In This Exhibition
Past Works
Constantly drawing from surrealism, I have great respect for the subconscious. Much of my work is born of techniques like automatic drawing, dream journaling, and chance operations. My work is almost always exploratory; rather than computationally working through a predefined set of ideas, I react. I search. I set out to ask fresh and potent questions with each piece of work. They don’t often come with an answer key, and in fact, often require a bit of “chewing”. I’m not interested in spoon-feeding ideas to people.
My practice spans a variety of mediums, from traditional oil paintings on handmade canvases, to hand-poked tattoos and biological sculptures. I enjoy doing things myself, with little mechanical assistance. It’s certainly faster and easier to tattoo with a reciprocating electrical machine or order premade canvases on Amazon, but I would argue that something is lost in this delegation (avoidance) of labor. Mundane, repetitive tasks take on the role of meditative exercises, and I find that this allows me to connect more deeply with my craft while also shouldering more of the burden/responsibility of production.

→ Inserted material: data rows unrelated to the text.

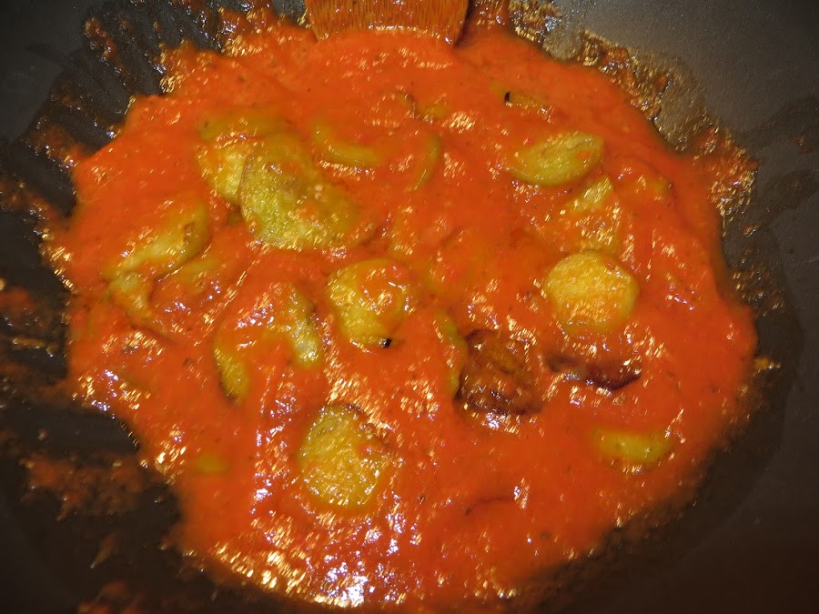 Lo primero es elaborar el tomate frito casero, en el siguiente enlace podéis encontrar la receta casera de mi madre que con los tomates del huerto está para chuparse los dedos: http://lacucharaenlamaleta.blogspot.com.es/2013/02/macarrones-al-estilo-moni.html.
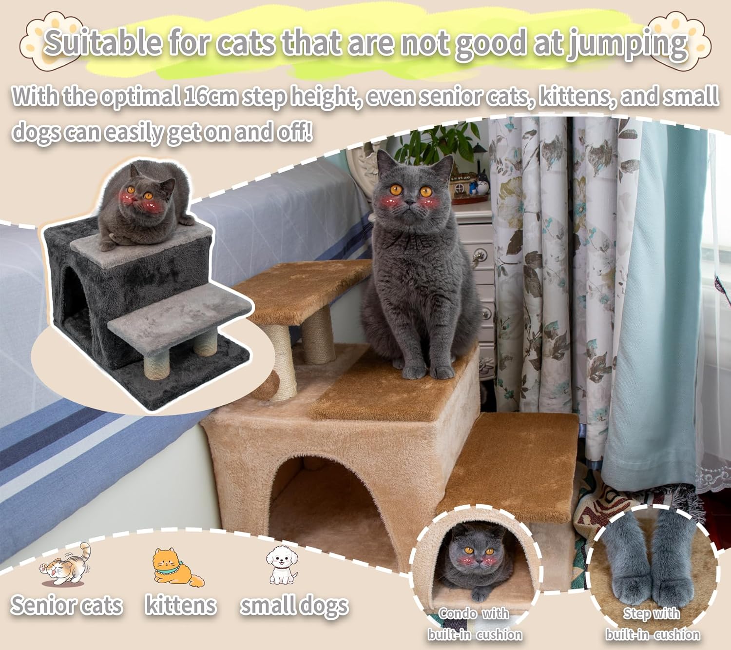 🐱【Senior & Disabled Pet Friendly – Joint Care Steps】: Featuring three 6.3 inch steps, our dog and cat stairs support easy climbing for senior pets, kittens, and pets with limited mobility. The plush, non-slip cushions on both the stairs and condo protect sensitive paws and joints, promoting safe and independent access to high beds, sofas, or window sills.
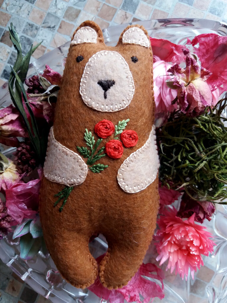 С детьми то все понятно, а взрослые то как играют? Делают эти игрушки, шьют им одежду, вышивают. Вот и я предлагаю вам поиграть в игрушки, сделать из фетра вот такого милого Мишку с букетом из роз!
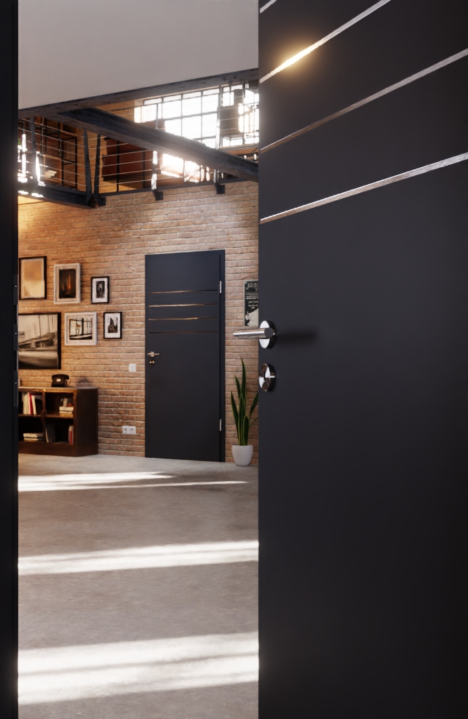Estetyka i funkcjonalność w przystępnej cenie: Dzięki drzwiom wewnętrznym 4.13 z powierzchnią CPL w kolorze grafitowym podobnym do RAL 7024 firmy Classen zyskasz minimalistyczną elegancję.
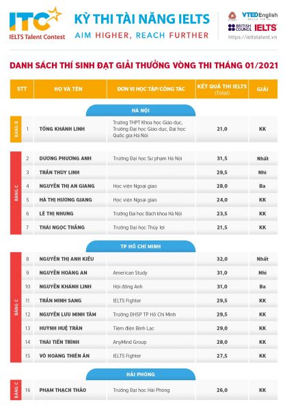 Căn cứ Thể lệ và kết quả thi IELTS của thí sinh, Ban Tổ chức ITC công bố danh sách thí sinh đạt giải thưởng Vòng thi tháng 01/2021, Kỳ thi Tài năng IELTS năm 2021.
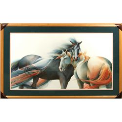 Melinda M. Cowdery (b. 1953). Two Friends. 27" x 47" watercolor. Signed lower left: Melinda M. Cowdery 97 © . (est. $1,500-3,500). CO...
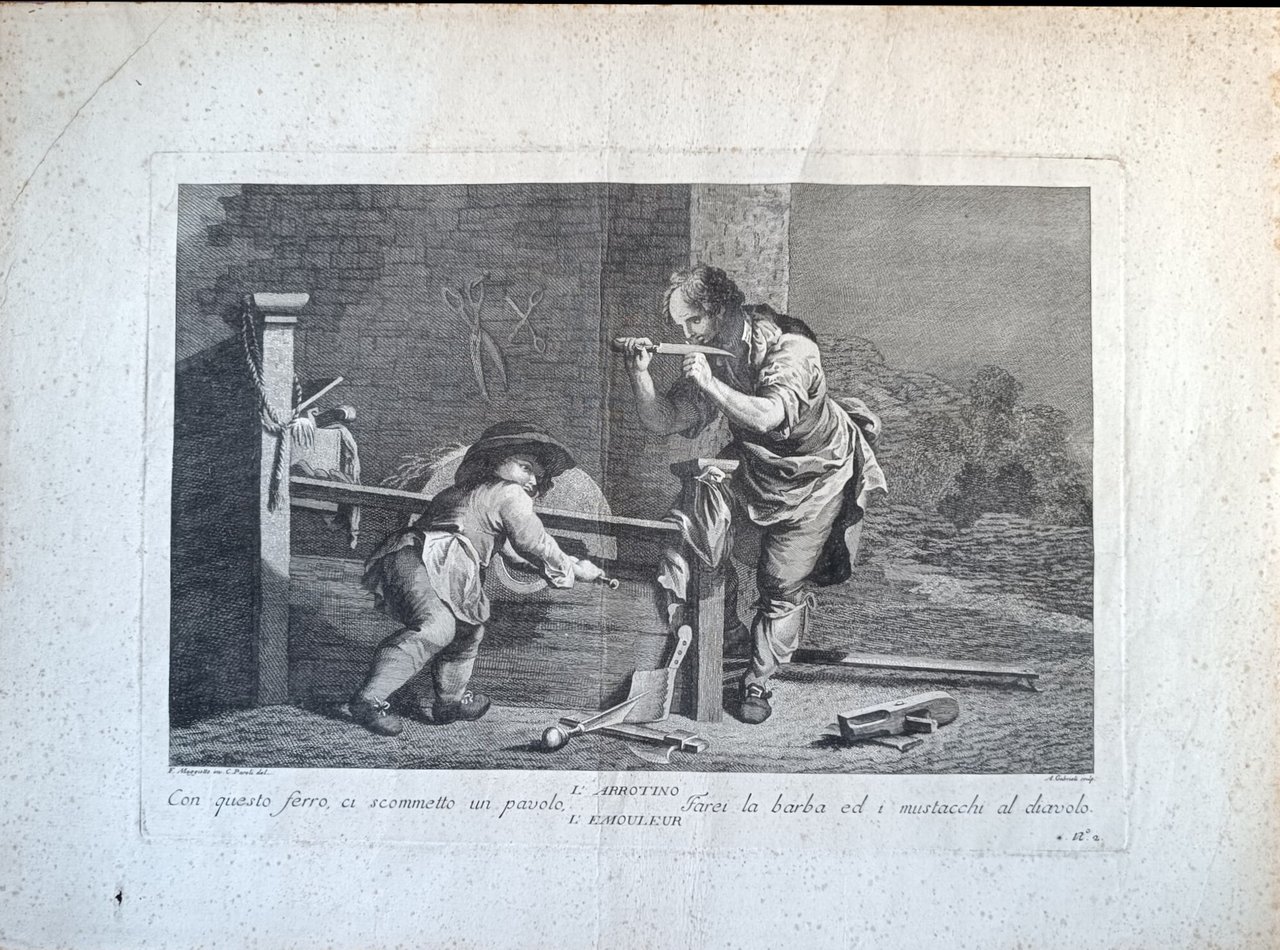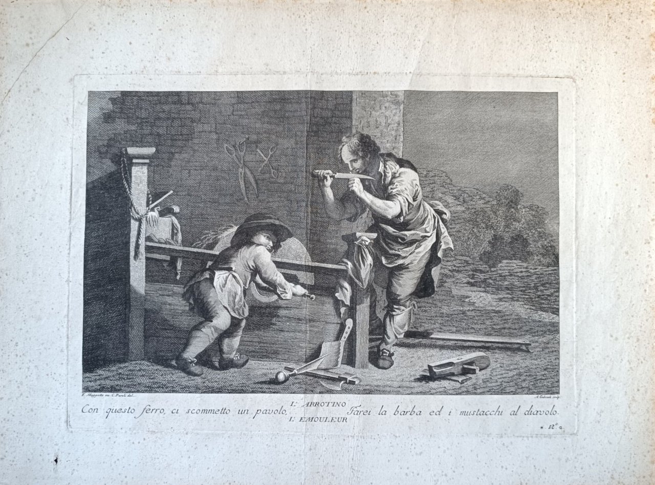 acquaforte inciso cm. 31 x 22,5 - foglio cm. 41 x 31 Buono (Good) Buon es., leggere tracce di foxing e piega centrale.

Through my process, common threads have emerged. These include thoughts about time on a planetary or evolutionary scale, and the exponential, fractal, and self-reflective/self-reflexive qualities of nature. I’m also interested in exploring the formation of language and identity and characterizing both as ultimately deficient enterprises. I’m constantly drawn back to the acutely individualized, but also broadly shared experience of existing within a body and using it.
The Western World loves to romanticize and insist upon the connection of our egos (or essence) to our minds, and our minds to our brains and subsequent bodies. This cannot be the only way. We must resist this imposed, surface-level existence, and insist upon a relationship with and interrogation of the (multiple) self that is housed in, but not inherently tied to the body. I ask myself: How can I distill this feeling into an image? How can I make others see the multitude of humanity in themselves and the dimensionality of themselves in the rest of humanity?

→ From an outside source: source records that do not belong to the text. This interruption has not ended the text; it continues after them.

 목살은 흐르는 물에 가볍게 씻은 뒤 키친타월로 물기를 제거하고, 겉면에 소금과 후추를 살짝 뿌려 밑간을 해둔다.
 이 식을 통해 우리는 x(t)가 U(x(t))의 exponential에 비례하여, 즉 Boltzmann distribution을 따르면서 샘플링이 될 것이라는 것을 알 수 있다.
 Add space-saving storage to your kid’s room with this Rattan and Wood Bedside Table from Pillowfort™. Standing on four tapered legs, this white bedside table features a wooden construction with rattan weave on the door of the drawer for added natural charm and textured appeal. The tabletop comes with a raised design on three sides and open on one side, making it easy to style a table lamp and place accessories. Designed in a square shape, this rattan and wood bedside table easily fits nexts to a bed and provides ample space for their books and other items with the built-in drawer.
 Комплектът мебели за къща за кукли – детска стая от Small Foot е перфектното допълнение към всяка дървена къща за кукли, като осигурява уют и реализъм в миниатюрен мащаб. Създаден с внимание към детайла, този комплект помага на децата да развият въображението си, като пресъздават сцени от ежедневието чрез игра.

I enjoy engaging with mythical, absurdist, and ironic images that disconcert. I’m excited by what happens when a person is forced to confront an aspect of themselves in a work of art and re-examine their relationship to a closely held idea. My goal as an artist is to sometimes gently, and other times more forcefully, remind viewers of the spectacular happenings of the universe around us, as well as of the random impossibility and absurd beauty of human existence.